* _Work order_: Retype each line of the data below exactly, beginning with the first and ending with the one that contains "Lugar Toma Real". Pictures do not belong in the copy.

* _Data for the task_:
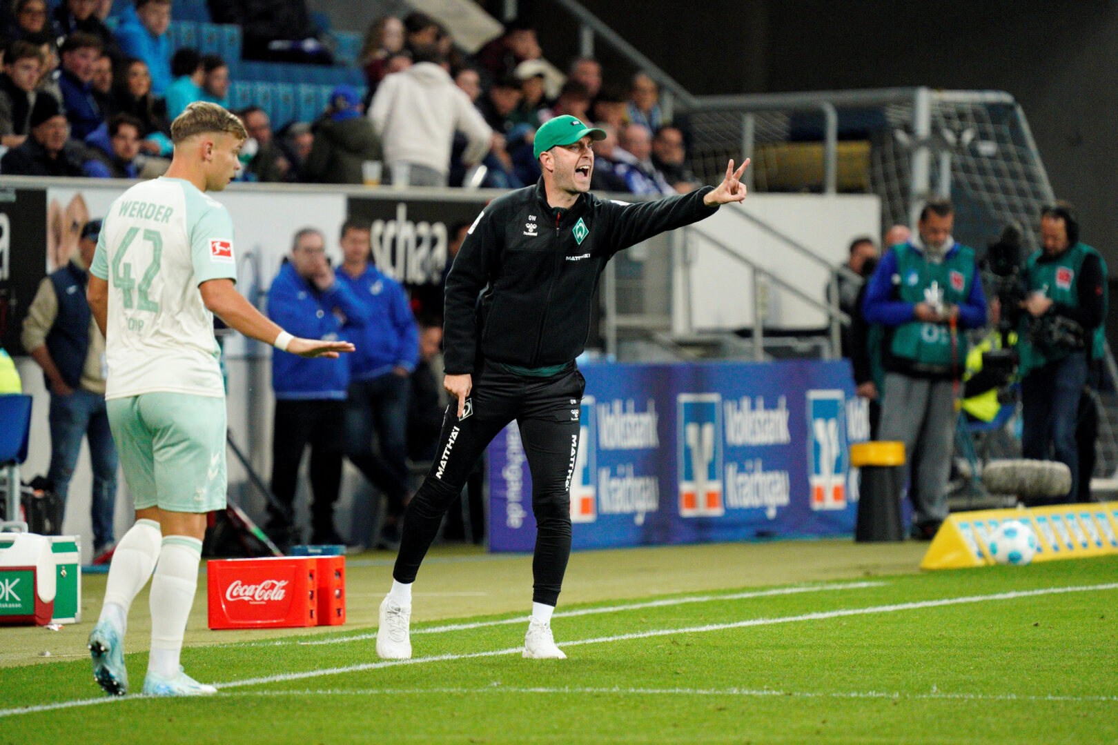 Erst in den letzten 25 Minuten gingen die Gastgeber mehr Risiko ein, warfen nochmals alles nach vorne und drängten Werder in die Defensive. Aufregung herrschte in der 67. Minute, als der eingewechselte Valentin Gendrey auf dem Weg zum Tor zwischen zwei Gegenspielern vor dem Strafraum zu Fall kam. Doch Reichel ließ nach dem Einsteigen von Malatini weiterspielen, weil der Argentinier den Ball getroffen hatte. Kurze Zeit später hatte die Matarazzo-Truppe noch Pech, als der Ball nach einer schönen Einzelleistung von Jakob Bruun Larsen von Malatini noch kurz vor der Torlinie zur Seite gegrätscht wurde (81.).
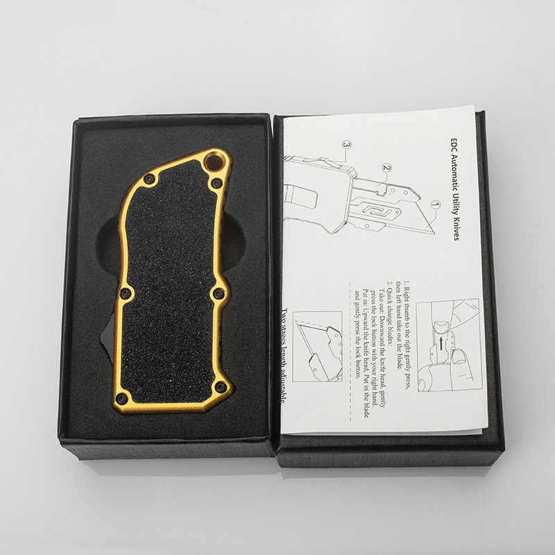 Aluminum Retractable Multi-Purpose Knife, includes 5 SpareBlades -Quick Replacement, EDC Tool Pocket Knife
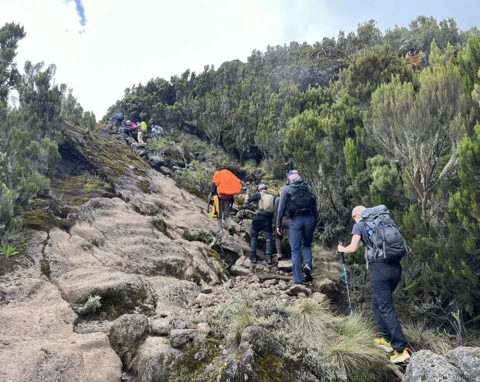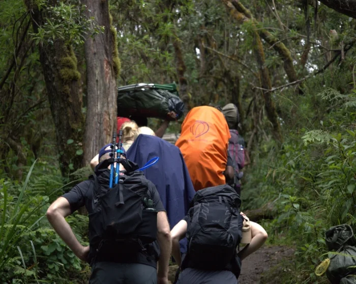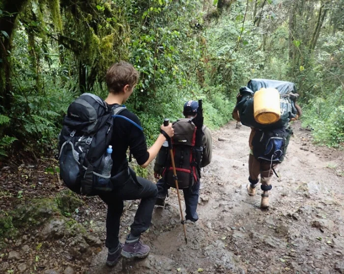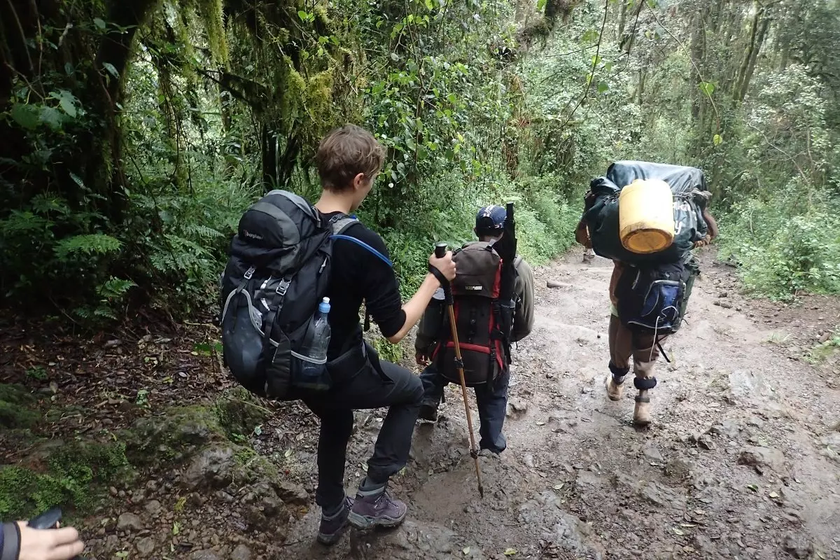 Het eerste traject van de tocht op lage hoogte kan nat en modderig zijn. U loopt via mooie paden door het dichte regenwoud, waar u mogelijk dieren ziet als de zeer fraaie en zeldzame zwart-witte colobusapen. De dragers lopen vooruit en zorgen ervoor dat uw tent klaarstaat als u bij het Machame Camp aankomt.
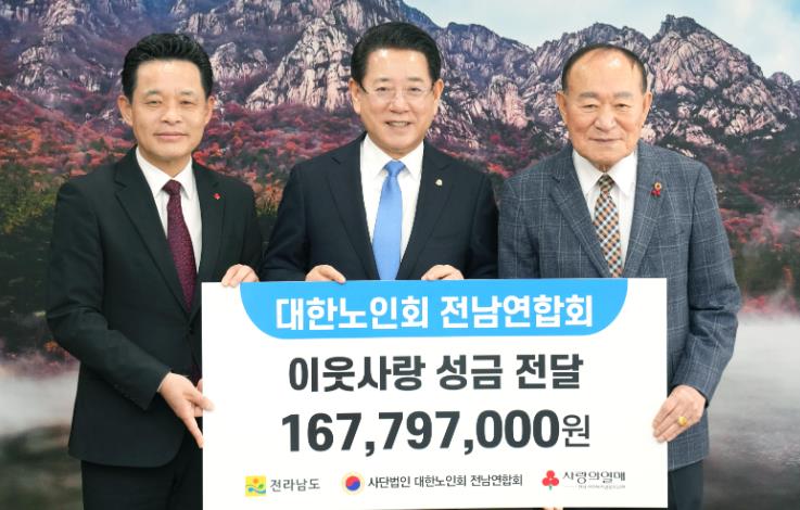정양수 대한노인회 전남연합회장은 “전남도에서 노인복지에 깊은 관심을 보여줘 항상 고맙게 생각한다”며 “앞으로도 지역사회를 위한 나눔 활동에 적극 동참하겠다”고 밝혔다.
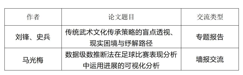刘锋副教授发表《传统武术文化传承策略的盲点透视、现实困境与纾解路径》专题报告。马光梅老师发表《数据级数推断法在足球比赛表现分析中运用进展的可视化分析》墙报交流。
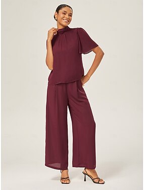Per donna Femminile Camicia casual Semplice Casuale Manica a Balze Vino Maniche Corte Elegante Vacanza Collo Alto Estate Interstagionale
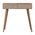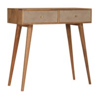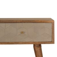 This stunning piece has been constructed from 100% solid mango wood and features Nordic style legs. It provides useful storage with the space of 2 drawers finished with shiny knobs. The champagne hand carved cube design is partnered nicely with the finish of the wood giving an overall modern and chic look.
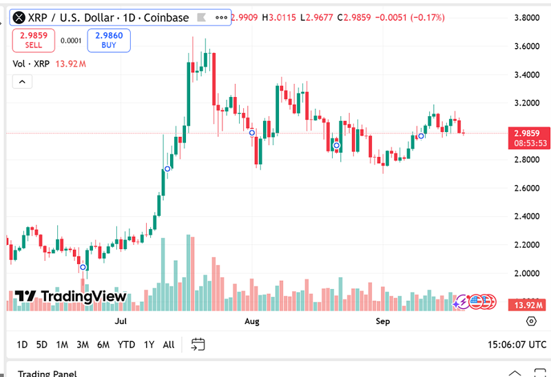 The price of XRP now is $2.98, having decreased by 1.55% over the last 24 hours. Ripple’s market capitalization is $178.48 billion with a trading capitalization of $3.72 billion, down 29.38% from yesterday. XRP Price Prediction for the majority of investors is primarily determined by trends in liquidity and overall altcoin market sentiment.
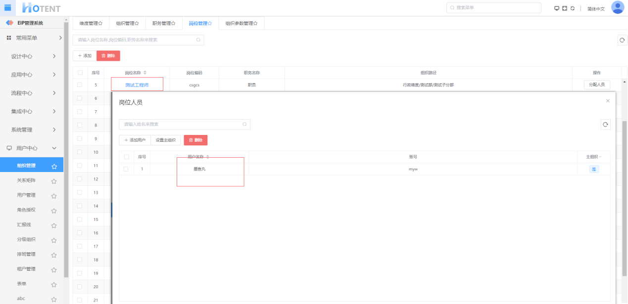 属于“部门经理”岗位的用户如下所示:
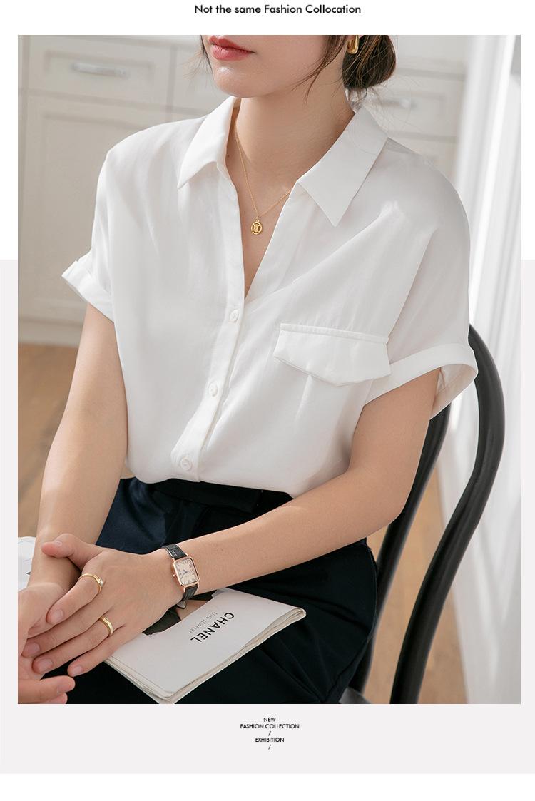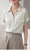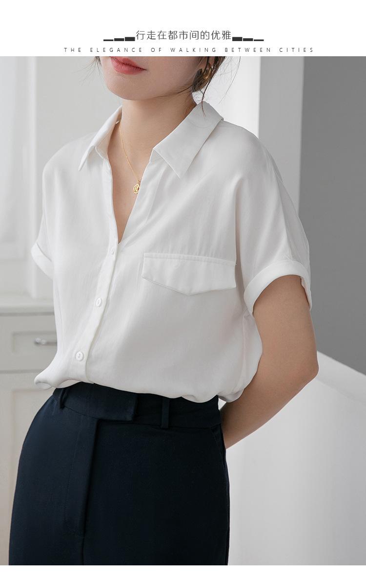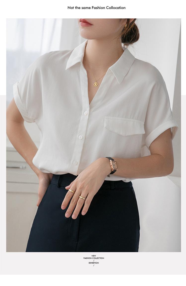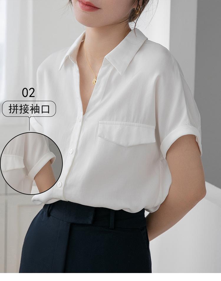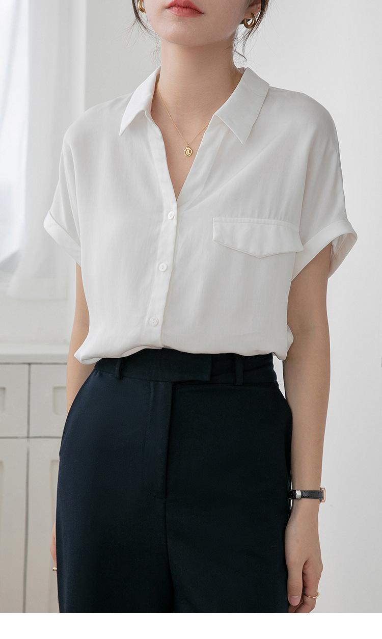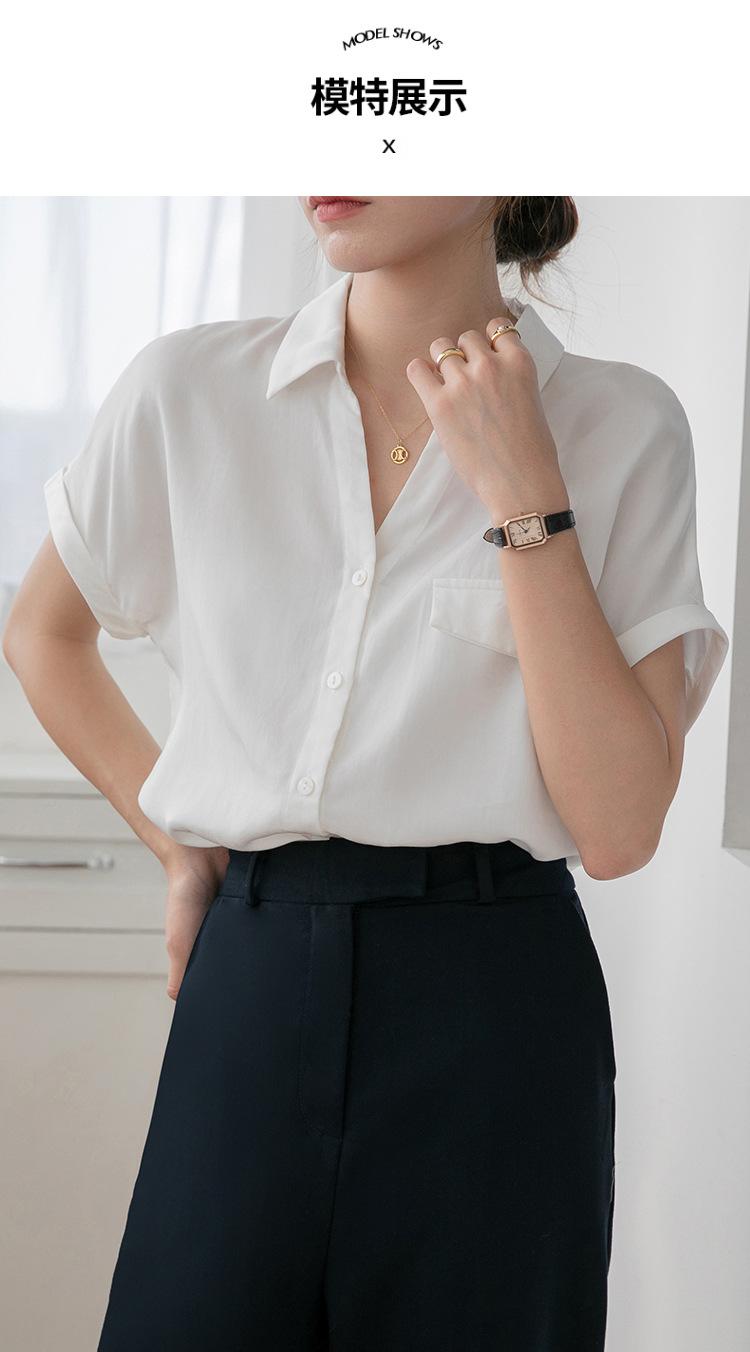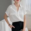 Lugar Toma Real 2024 Verano Camisa Blanca de Manga Corta para Mujer Delgada Cuello en V Pequeño Camisa Holgada Drapeada Top Profesional
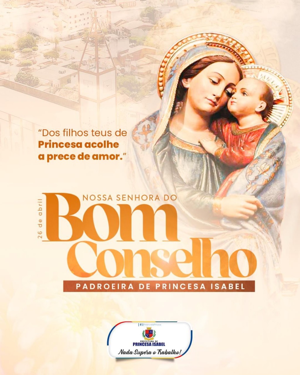 Que Nossa Senhora do Bom Conselho proteja todos os princesenses com o seu manto sagrado, acolha todas as preces e interceda por cada um de seus filhos junto a Jesus Cristo.
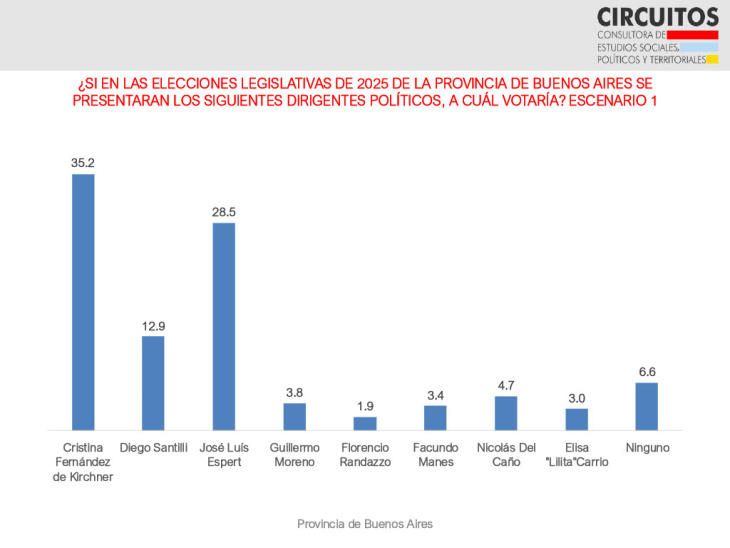 La consultora Circuitos realizó una encuesta de cara a unas elecciones en la Provincia de Buenos Aires que muestran un escenario complejo, atrapado por la interna en el peronismo y que sucumbe con la incertidumbre de si La Libertad Avanza conformará una alianza con el PRO con la derrota del “kirchnerismo” cono causa común.
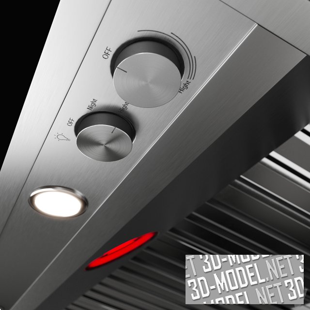 Современная профессиональная кухонная вытяжка Jenn Air JXW9048HP в корпусе серебристого цвета с брашированной отделкой. Зонт монтируется над плитой к стене. Органы управления и подсветка смонтированы на нижней ближней кромке. В нижней плоскости размещены и две инфракрасные лампы для разогрева пищи. Габарит вытяжки: 121,9х63,5х45,7см.
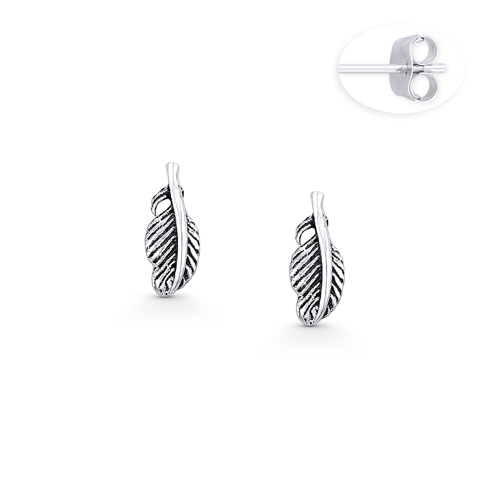 The featured earrings are cast in oxidized-finish .925 sterling silver and showcase bird's feather designs finished with push-back posts & butterfly clasps for secure wear.
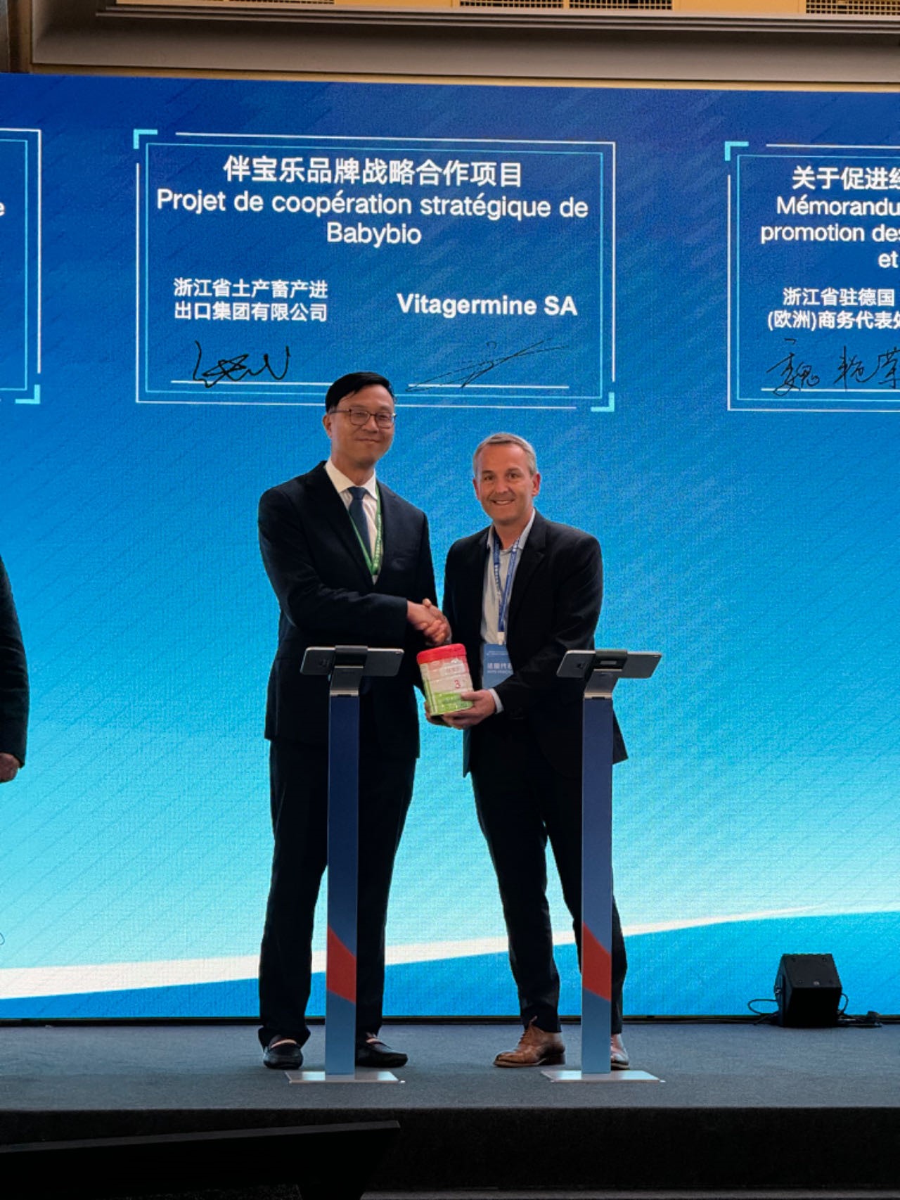 5月13日,浙江土畜參加浙江-巴黎大區高新產業創新合作對接會,與“伴寶樂”母公司法國創機然開展戰略合作洽談。在浙江省委易煉紅書記、集團領導的見證下,張斌與伴寶樂CEO Ludovic BEGUE先生簽訂品牌戰略合作項目,未來5年浙江土畜向法國創機然公司采購進口“伴寶樂”乳制品及嬰幼兒輔食產品1億美元。在法期間,張斌隨高秉學董事長拜訪法國創機然公司總部,前往伴寶樂位于法國南特的奶粉工廠考察,對法國乳制品、嬰兒奶粉等市場進行調研。作為法國高端有機嬰幼兒食品第一品牌,法國創機然公司不僅樹立起在歐洲有機乳制品領域的標桿,同樣引領著世界綠色產業發展方向,浙江土畜與法國創機然公司的深度合作將極大提升中國企業在有機食品領域的發展進程。

* _Worked solution_:
 Erst in den letzten 25 Minuten gingen die Gastgeber mehr Risiko ein, warfen nochmals alles nach vorne und drängten Werder in die Defensive. Aufregung herrschte in der 67. Minute, als der eingewechselte Valentin Gendrey auf dem Weg zum Tor zwischen zwei Gegenspielern vor dem Strafraum zu Fall kam. Doch Reichel ließ nach dem Einsteigen von Malatini weiterspielen, weil der Argentinier den Ball getroffen hatte. Kurze Zeit später hatte die Matarazzo-Truppe noch Pech, als der Ball nach einer schönen Einzelleistung von Jakob Bruun Larsen von Malatini noch kurz vor der Torlinie zur Seite gegrätscht wurde (81.).
 Aluminum Retractable Multi-Purpose Knife, includes 5 SpareBlades -Quick Replacement, EDC Tool Pocket Knife
 Het eerste traject van de tocht op lage hoogte kan nat en modderig zijn. U loopt via mooie paden door het dichte regenwoud, waar u mogelijk dieren ziet als de zeer fraaie en zeldzame zwart-witte colobusapen. De dragers lopen vooruit en zorgen ervoor dat uw tent klaarstaat als u bij het Machame Camp aankomt.
정양수 대한노인회 전남연합회장은 “전남도에서 노인복지에 깊은 관심을 보여줘 항상 고맙게 생각한다”며 “앞으로도 지역사회를 위한 나눔 활동에 적극 동참하겠다”고 밝혔다.
刘锋副教授发表《传统武术文化传承策略的盲点透视、现实困境与纾解路径》专题报告。马光梅老师发表《数据级数推断法在足球比赛表现分析中运用进展的可视化分析》墙报交流。
Per donna Femminile Camicia casual Semplice Casuale Manica a Balze Vino Maniche Corte Elegante Vacanza Collo Alto Estate Interstagionale
 This stunning piece has been constructed from 100% solid mango wood and features Nordic style legs. It provides useful storage with the space of 2 drawers finished with shiny knobs. The champagne hand carved cube design is partnered nicely with the finish of the wood giving an overall modern and chic look.
 The price of XRP now is $2.98, having decreased by 1.55% over the last 24 hours. Ripple’s market capitalization is $178.48 billion with a trading capitalization of $3.72 billion, down 29.38% from yesterday. XRP Price Prediction for the majority of investors is primarily determined by trends in liquidity and overall altcoin market sentiment.
 属于“部门经理”岗位的用户如下所示:
 Lugar Toma Real 2024 Verano Camisa Blanca de Manga Corta para Mujer Delgada Cuello en V Pequeño Camisa Holgada Drapeada Top Profesional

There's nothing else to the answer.